Ask Allison: My teen is applying for college and we're all stressed out. What can we do?

Applying for — and choosing — colleges can be a strain on parents and teens. Here's how to deal.
Applying for — and choosing — colleges can be a strain on parents and teens. Here's how to deal. (Getty Images)

With graduation just months away, most high school seniors are in the throes of their college planning, from polishing off personal essays before application deadlines close to anxiously awaiting their chosen school's verdict. For those who applied early decision, there's also the sting of rejection or the agonizing over whether or not this really is the right school. Some teens are spoiled for choice — and wondering if they might have a better college experience if they ditch the dream school Mom and Dad are pushing and just follow their friends or high school sweetheart somewhere. It's a season of stress, self-doubt and power struggles. What's the best way through it?

What Allison says: I just endured the college process with my oldest, who is now a freshman in college, and I’m gearing up to go through it with my youngest, a high school junior. And with the process still fresh in my mind, I completely understand how fraught and nerve-wracking this can be. Before I get to an expert’s advice, I wanted to share a few things that I learned along the way.

One, please know that unlike what many people believe when you embark on the process, there is no magical perfect school for any child. So many students I know landed at schools that may not have been their initial top choices, and they are now so, so happy at the university that accepted them. And if they aren’t, there are transfer options. As I told my son when the stress was fraying us at the seams: Nothing about this has to be permanent if you so choose. Hopefully, it is, but if not, you are not married to this college for life.

Two, for many students and their families, the process will feel arbitrary and random. That’s because in many ways, it is. So many kids who seem like slam dunks will not necessarily end up at their “top choice,” and it has nothing to do with how hard they worked or their test scores or anything else in their application. As much as we want the process to be strictly about what our child has accomplished, a lot of it also has to do with what the college is looking for and their attempts to fill their own needs. Whatever happens, it’s important to remind your teen (and yourself) that a rejection or deferral is not a reflection of who they are. I really can’t emphasize this enough. Many schools have multiples of stellar candidates, and I don’t think there’s much point in picking apart why your child didn’t get in or why someone else’s child did. Again, there are so many amazing institutions out there, and one of them will be so thrilled for your son or daughter to matriculate at their school.

Third, please separate your own aspirations from those of your child. What you may think is a dream school — whether because of its reputation or particular program or for a multitude of other reasons — may not be at all what your child wants. True, teenagers don’t always know exactly what they want, much less what they’ll want for the next four years, but it’s important to let them have some agency over this decision. They are young adults now, and even if you had your heart set on Whatever Top 50 School, your child may want to go in a totally different direction. They aren’t you, and you aren't them. That emotional separation will spare you a lot of arguments as you muddle through applications. Also, college these days is not for everyone. We should get more comfortable with that.

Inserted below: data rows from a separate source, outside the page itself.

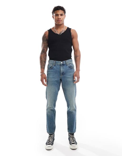 ASOS DESIGN tapered fit jeans in dark wash blue tint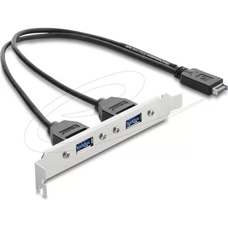 Ez a Delock USB-kábel lehetővé teszi két külső USB 5 Gbps eszköz csatlakoztatását az alaplapon található belső USB E típusú A kulcsos csatlakozón keresztül. A két USB A-típusú aljzat egy rekeszrögzítőre szerelhető, amely könnyedén behelyezhető a számítógépház egy szabad PCIe bővítőhelyére ideális megoldás a számítógép hátoldali USB csatlakozóinak bővítésére.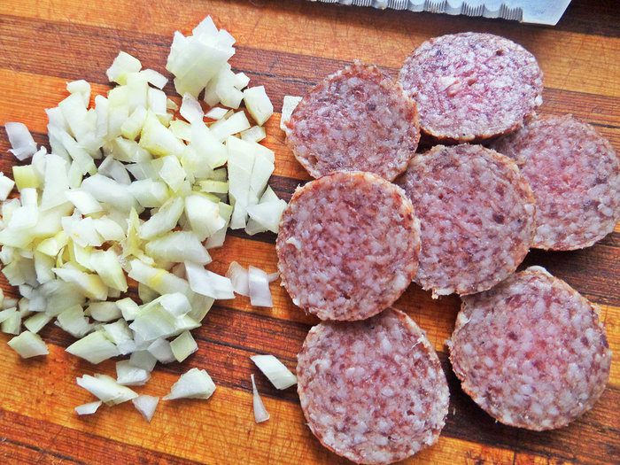 Готовим начинку для омлета: лук измельчить,колбасу нарезать.

I also reached out to Mandee Heller Adler, a private college counselor and founder of International College Counselors in Ft. Lauderdale, Fla., who echoes my thoughts on the opaque process. She says it’s important to let kids complain about the stress of it all. For many kids, this is the first time they are truly arbitrarily judged, and it’s scary and daunting. Show your teen some grace when they spiral into a grouch and slam their bedroom door.

How to handle a kid upset over not getting into their first pick? "I’d give him a lot of encouragement and the time to apply to a lot more colleges,” Adler says. “Since colleges are looking for more than just grades and scores, the best thing to do is to cast a wide net (while being mindful of average grades and scores of admitted students) to see who might need a child like [yours]. Perhaps they need an oboe player and that’s exactly what your [child] does? ... You never know!”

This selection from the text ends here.